-- TASK --
Restate the data below word for word. Skip any images it contains.

-- DATA SHOWN --

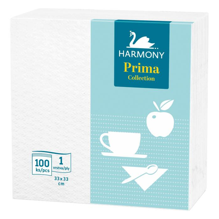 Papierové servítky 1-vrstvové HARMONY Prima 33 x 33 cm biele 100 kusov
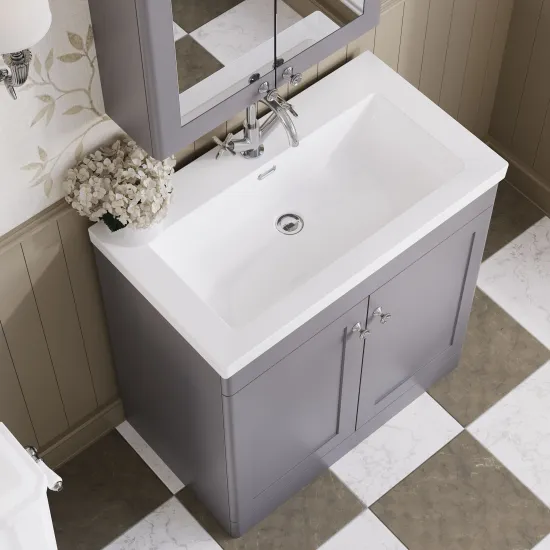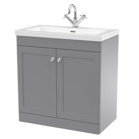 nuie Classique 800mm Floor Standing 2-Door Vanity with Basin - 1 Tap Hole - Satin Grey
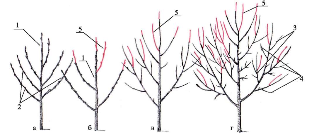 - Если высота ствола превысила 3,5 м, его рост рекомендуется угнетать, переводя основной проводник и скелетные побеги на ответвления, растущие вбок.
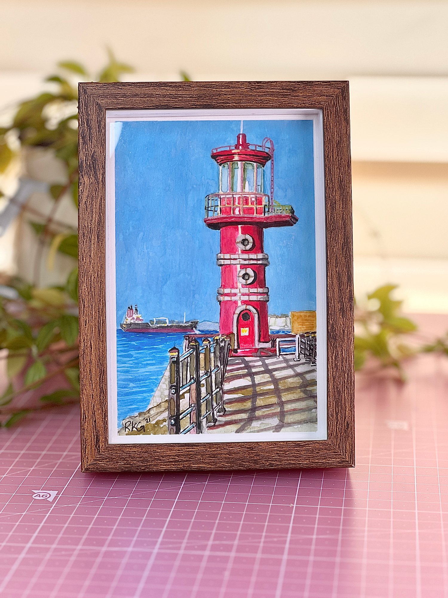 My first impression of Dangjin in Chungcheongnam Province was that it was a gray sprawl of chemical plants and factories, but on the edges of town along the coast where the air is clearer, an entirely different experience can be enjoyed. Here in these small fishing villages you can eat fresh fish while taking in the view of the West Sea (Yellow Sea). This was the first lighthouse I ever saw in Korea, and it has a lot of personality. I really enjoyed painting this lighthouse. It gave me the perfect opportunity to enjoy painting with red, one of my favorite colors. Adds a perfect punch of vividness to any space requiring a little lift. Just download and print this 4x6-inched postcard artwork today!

-- REPLY TO THE EXERCISE --
 Papierové servítky 1-vrstvové HARMONY Prima 33 x 33 cm biele 100 kusov
 nuie Classique 800mm Floor Standing 2-Door Vanity with Basin - 1 Tap Hole - Satin Grey
 - Если высота ствола превысила 3,5 м, его рост рекомендуется угнетать, переводя основной проводник и скелетные побеги на ответвления, растущие вбок.
 My first impression of Dangjin in Chungcheongnam Province was that it was a gray sprawl of chemical plants and factories, but on the edges of town along the coast where the air is clearer, an entirely different experience can be enjoyed. Here in these small fishing villages you can eat fresh fish while taking in the view of the West Sea (Yellow Sea). This was the first lighthouse I ever saw in Korea, and it has a lot of personality. I really enjoyed painting this lighthouse. It gave me the perfect opportunity to enjoy painting with red, one of my favorite colors. Adds a perfect punch of vividness to any space requiring a little lift. Just download and print this 4x6-inched postcard artwork today!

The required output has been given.